Kincaid v. State

136 P. 779 | Okla. Crim. App. | 1913

The assignments of error relied upon for reversal of the judgment are, in effect, as follows: That the court erred in refusing to give the *365 instructions requested by the defendant; misconduct of the prosecuting attorney in his argument to the jury.

The charge of the court contained nineteen instructions. No objection was made nor exception taken to any instruction given. The defense requested the court to give eleven additional instructions. It is our opinion that the requested instructions were properly rejected, as all the law pertaining to the defense had been clearly and correctly expounded in the instructions given, which were more favorable to the defendant than the law contemplates.

Our Code of Criminal Procedure provides (section 5902, Rev.

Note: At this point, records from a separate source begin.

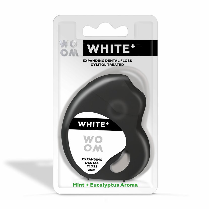 WOOM WHITE+ expandující zubní nit s vlákny Riser® odstraňuje až o 40 % více plaku než běžná nit, neboť vlákna během použití nabydou na objemu. Tato zubní nit omezuje krvácení dásní o 42 % efektivněji než průměrná standardní nit. Voskováno přírodním voskem, chrání tkáně před viry a patogenními bakteriemi. Máta a eukalyptus dodávají pocit svěžesti v ústech. Impregnováno xylitolem pro prevenci zubního kazu.
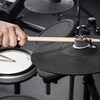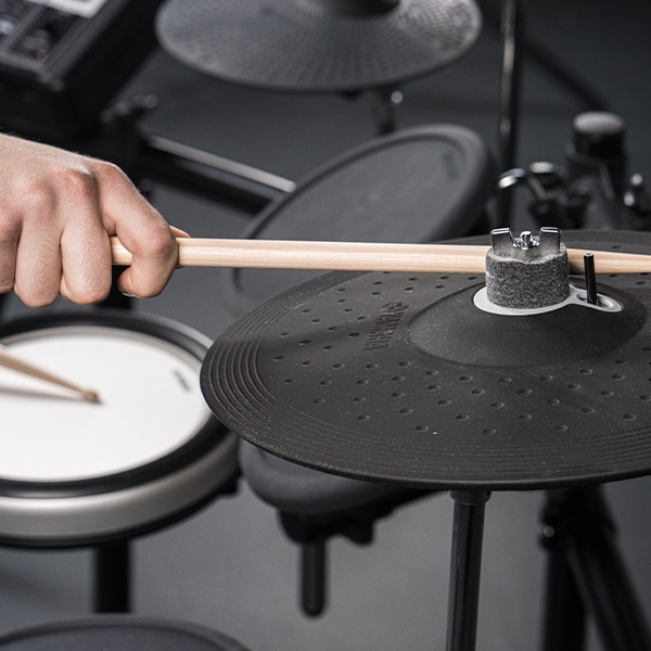 - Pad a 3 zone per rullante e ride. I piatti possono essere stoppati con la mano. Il ride è dotato di una funzione di rilevamento della posizione del punto colpito (positional sensing)
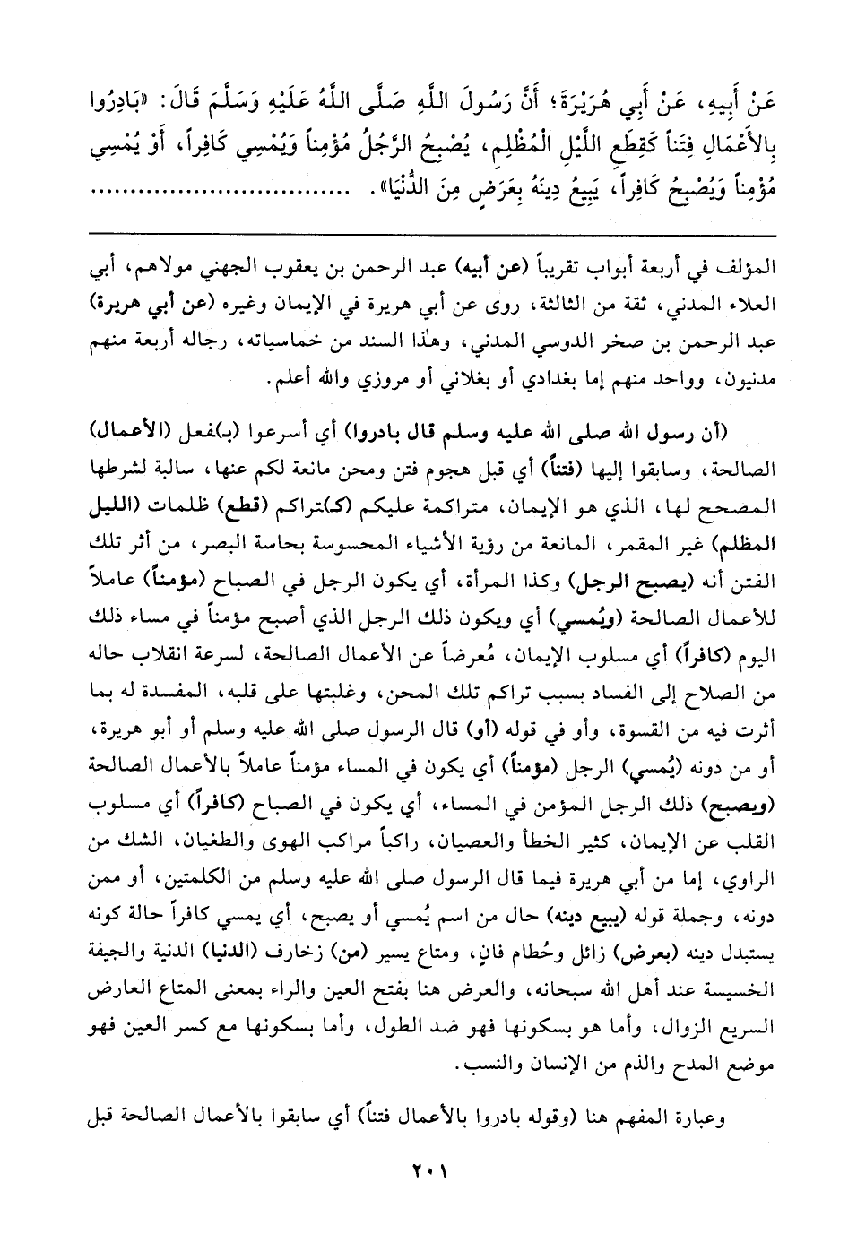 (أن رسول الله صلى الله عليه وسلم قال بادروا) أي أسرعوا (بـ) ـفعل (الأعمال) الصالحة، وسابقوا إليها (فتنًا) أي قبل هجوم فتن ومحن مانعة لكم عنها، سالبة لشرطها المصحح لها، الذي هو الإيمان، متراكمة عليكم (كـ) ـتراكم (قطع) ظلمات (الليل المظلم) غير المقمر، المانعة من رؤية الأشياء المحسوسة بحاسة البصر، من أثر تلك الفتن أنه (يصبح الرجل) وكذا المرأة، أي يكون الرجل في الصباح (مومنًا) عاملًا للأعمال الصالحة (ويُمسي) أي ويكون ذلك الرجل الذي أصبح مؤمنًا في مساء ذلك اليوم (كافرًا) أي مسلوب الإيمان، مُعرضًا عن الأعمال الصالحة، لسرعة انقلاب حاله من الصلاح إلى الفساد بسبب تراكم تلك المحن، وغلبتها على قلبه، المفسدة له بما أثرت فيه من القسوة، وأوفي قوله (أو) قال الرسول صلى الله عليه وسلم أو أبو هريرة، أو من دونه (يُمسي) الرجل (مومنًا) أي يكون في المساء مؤمنًا عاملًا بالأعمال الصالحة (ويصبح) ذلك الرجل المؤمن في المساء، أي يكون في الصباح (كافرًا) أي مسلوب القلب عن الإيمان، كثير الخطأ والعصيان، راكبًا مراكب الهوى والطغيان، الشك من الراوي، إما من أبي هريرة فيما قال الرسول صلى الله عليه وسلم من الكلمتين، أو ممن دونه، وجملة قوله (يبيع دينه) حال من اسم يُمسي أو يصبح، أي يمسي كافرًا حالة كونه يستبدل دينه (بعرض) زائل وحُطام فانٍ، ومتاع يسير (من) زخارف (الدنيا) الدنية والجيفة الخسيسة عند أهل الله سبحانه، والعرض هنا بفتح العين والراء بمعنى المتاع العارض السريع الزوال، وأما هو بسكونها فهو ضد الطول، وأما بسكونها مع كسر العين فهو موضع المدح والذم من الإنسان والنسب.
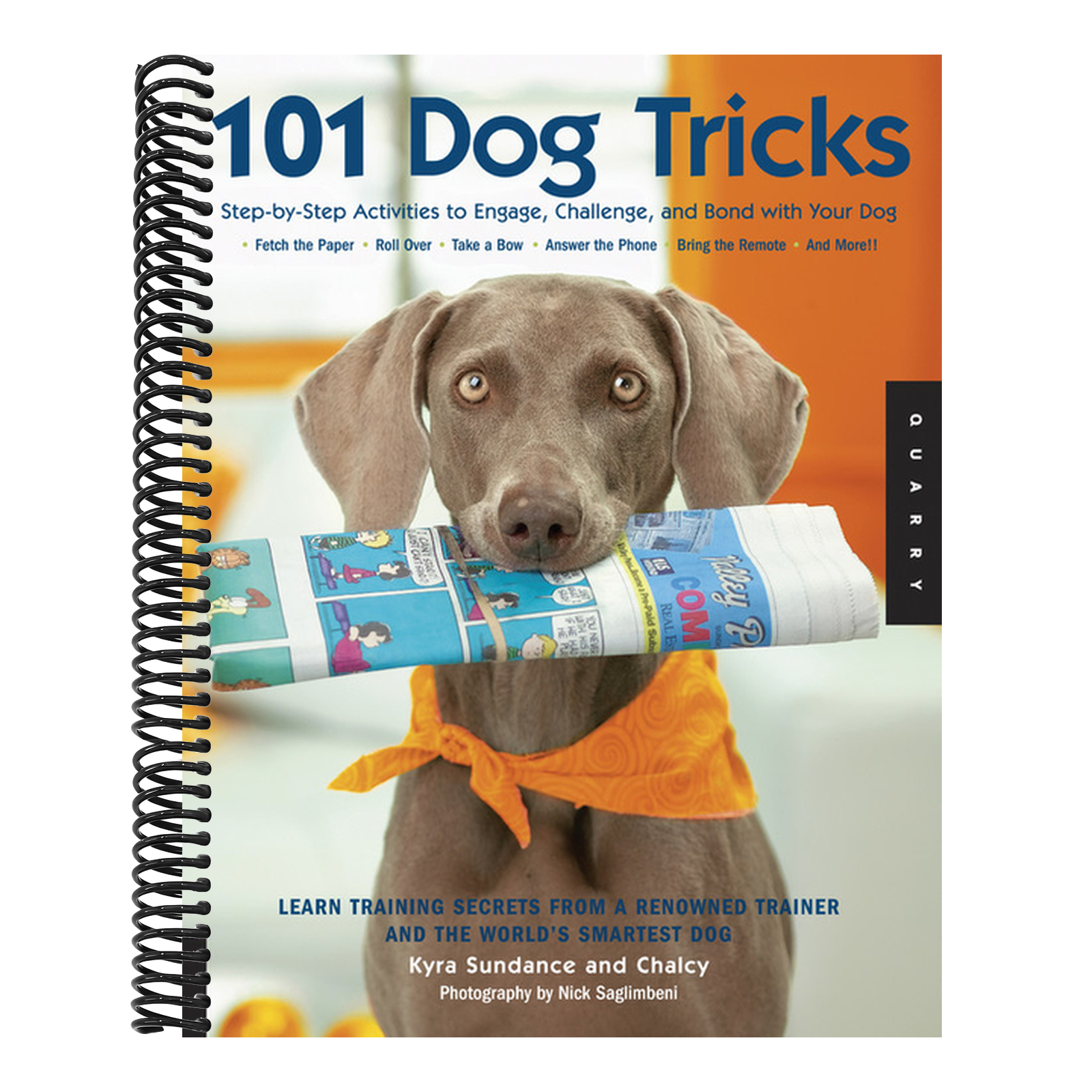 Marc Notes: Kyra Sundance is a world-renowned dog trainer, lecturer, and internationally best-selling author of 101 Dog Tricks: Step by Step Activities to Engage, Challenge, and Bond with Your Dog. With over a million copies in print, Kyra's award-winning books, kits, and videos have inspired dog owners worldwide to develop fun and rewarding relationships with their dogs. Her other books include Dog Training 101, The Joy of Dog Training, The Dog Tricks and Training Workbook, Kyra's Canine Conditioning, 51 Puppy Tricks, 10-Minute Dog Training Games, The Pocket Guide to Dog Tricks, and 101 Dog Tricks, Kids Edition. Honed through decades of professional experience, Kyra's easy step-by-step training methods are the most effective and humane way to train. Her positive methods foster confident, happy dogs who are motivated to do the right thing, rather than fearful of making a mistake. As professional performers, Kyra and her Weimaraners starred in shows for the king of Morocco, Disney's Hollywood stage shows, circuses, NBA halftime shows, on The Tonight Show, The Ellen DeGeneres Show, Animal Planet, in movies, and in their own television series. Kyra is a professional set trainer for movie dogs, and is nationally ranked in competitive dog sports. She presents workshops around the world on dog tricks and canine conditioning. Kyra is CEO of "Do More With Your Dog!" trick dog titling organization; the "National Trick Dog championships"; and Chair of the "Trick Dog Expo." Kyra lives in Lancaster, California. Kyra Sundance is a world-acclaimed stunt dog show performer, dog trainer, and internationally best-selling author. Her dog team performs live acrobatic shows on premier stages internationally; at circuses, professional sports halftime shows, and on movies and television shows such as The Tonight Show, Ellen, Entertainment Tonight, Worldwide Fido Awards, Animal Planet, Showdog Moms & Dads, and Beverly Hills Chihuahua 2. Kyra and her dogs starred in DisneyÆs Underdog stage show and in a command performance at the palace in Marrakech for the king of Morocco. Kyra has written numerous popular dog-training books including the international best-selling 101 Dog Tricks, and hosts a line of award-winning dog-training DVDs. She also set-trains dog actors for movies and TV and lectures on positive dog-training methods.Kyra is nationally ranked in competitive dog sports, having trained, competed, and titled in a great number of dog sports. Her methods foster confident, happy dogs who are motivated to do the right thing rather than ones fearful of making a mistake. She shows us how to develop joyful relationships with dogs who balance enthusiasm with self-control.Kyra and her Weimaraners Chalcy and Jadie live with KyraÆs husband on a ranch in CaliforniaÆs Mojave desert. www.kyra.comPublisher Marketing: 101 Dog Tricks is an international bestseller in 18 languages with over a half-million copies sold worldwide! This beautifully designed book features step-by-step instructions with easy-to-follow color photos of each step. Each trick is rated with a difficulty rating and prerequisites to get you started quickly. Tips and troubleshooting boxes cover common problems, while Build on it! ideas suggest more complicated tricks that build on each new skill. Tricks range from simple ones like Sit, Shake Hands, Fetch, and Roll Over, to extraordinary ones like Tidy Up Your Toys into the Toybox and Get a Soda from the Fridge. Organized by theme, it's easy to find the next trick to work on with your dog. Just a few of the themes to choose from:

Laws 1910) that:

"Upon a trial for murder, the commission of the homicide by the defendant being proven, the burden of proving circumstances of mitigation, or that justify or excuse it, devolves upon him, unless the proof on the part of the prosecution tends to show that the crime committed only amounts to manslaughter, or that the defendant was justifiable or excusable."

The court should have given an instruction based upon the foregoing section. See Culpepper v. State, 4 Okla. Cr. 103,111 P. 679, 31 L.R.A. (N.S.) 1166, 140 Am. St. Rep. 668. However, its failure to do so was an error in favor of the defendant, of which he cannot complain. When the defendant has had the benefit of a fair trial by an impartial jury, selected conformably to law, and fully and fairly instructed in every principle of law applicable to his defense, with no rulings against him that would tend to prejudice a substantial right or deprive him of his defense, he has received all that any citizen can rightfully demand.

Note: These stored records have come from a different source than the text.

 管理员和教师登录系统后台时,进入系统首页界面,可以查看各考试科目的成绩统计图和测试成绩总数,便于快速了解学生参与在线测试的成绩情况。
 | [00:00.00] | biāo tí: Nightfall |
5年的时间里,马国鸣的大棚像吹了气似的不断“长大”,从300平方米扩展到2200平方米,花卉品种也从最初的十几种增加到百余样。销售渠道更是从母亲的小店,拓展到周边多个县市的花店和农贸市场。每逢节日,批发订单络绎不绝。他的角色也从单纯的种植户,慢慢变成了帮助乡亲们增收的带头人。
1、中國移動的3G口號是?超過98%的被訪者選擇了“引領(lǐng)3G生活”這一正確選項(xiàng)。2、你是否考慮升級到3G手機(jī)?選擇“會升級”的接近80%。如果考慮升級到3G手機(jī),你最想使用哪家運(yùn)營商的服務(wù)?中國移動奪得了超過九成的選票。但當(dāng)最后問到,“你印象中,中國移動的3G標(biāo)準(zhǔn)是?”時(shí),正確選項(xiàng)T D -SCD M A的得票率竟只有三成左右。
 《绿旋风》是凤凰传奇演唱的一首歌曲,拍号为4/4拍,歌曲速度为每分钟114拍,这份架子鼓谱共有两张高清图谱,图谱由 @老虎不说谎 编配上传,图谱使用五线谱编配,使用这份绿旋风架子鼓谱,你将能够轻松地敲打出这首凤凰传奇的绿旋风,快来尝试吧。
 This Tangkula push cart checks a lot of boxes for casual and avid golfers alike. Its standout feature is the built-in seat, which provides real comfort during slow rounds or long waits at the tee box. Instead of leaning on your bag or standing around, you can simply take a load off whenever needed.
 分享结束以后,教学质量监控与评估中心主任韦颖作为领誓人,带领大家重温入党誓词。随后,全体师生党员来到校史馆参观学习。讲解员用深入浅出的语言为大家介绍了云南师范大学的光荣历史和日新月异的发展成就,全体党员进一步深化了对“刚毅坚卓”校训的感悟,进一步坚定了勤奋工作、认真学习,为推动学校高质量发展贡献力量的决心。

During the closing argument of counsel for the prosecution, the assistant prosecutor made the following statement:

"Now, gentlemen of the jury, of all the dark and bloody and black murders that have ever been committed in McCurtain county, this is the blackest and the dirtiest, and unless you convict the defendant you may expect many more such dark and bloody murders."

At which time counsel for the defendant took an exception. Thereupon the court admonished the counsel not to make use of *366 such language before the jury. We think this statement went beyond the limits of legitimate argument and was improper. In determining the effect of an improper statement made by the prosecuting attorney in the closing argument to the jury, the question is, Was the defendant prejudiced by such improper statement? and the strength of the evidence supporting the conviction will be considered.

The evidence in this case is that the defendant, without any provocation, deliberately shot the deceased, and, not satisfied with this, he stepped up to the prostrate form of his victim and shot him a second time. The evidence proved beyond all reasonable doubt that the homicide was murder. There was no room for even a probability that it was manslaughter in the first degree, nor was there any evidence fairly raising, or tending to raise, the issue of self-defense. We would not have reversed the judgment if the court had omitted to charge upon the issue of manslaughter in the first degree, because in our opinion the facts of the case did not demand that this issue be submitted.

The defendant, without excuse, unjustifiably, with a premeditated design to kill and murder, shot and killed Levi Davis. The jury in mercy, or in charity for the weakness of human kind, or possibly through a mistaken view of the law, lessened his crime to manslaughter in the first degree, and he should be satisfied with his conviction for the lesser offense.

A careful examination of the whole case leads to the conclusion that no error has been committed, to the defendant's prejudice. The judgment is therefore affirmed.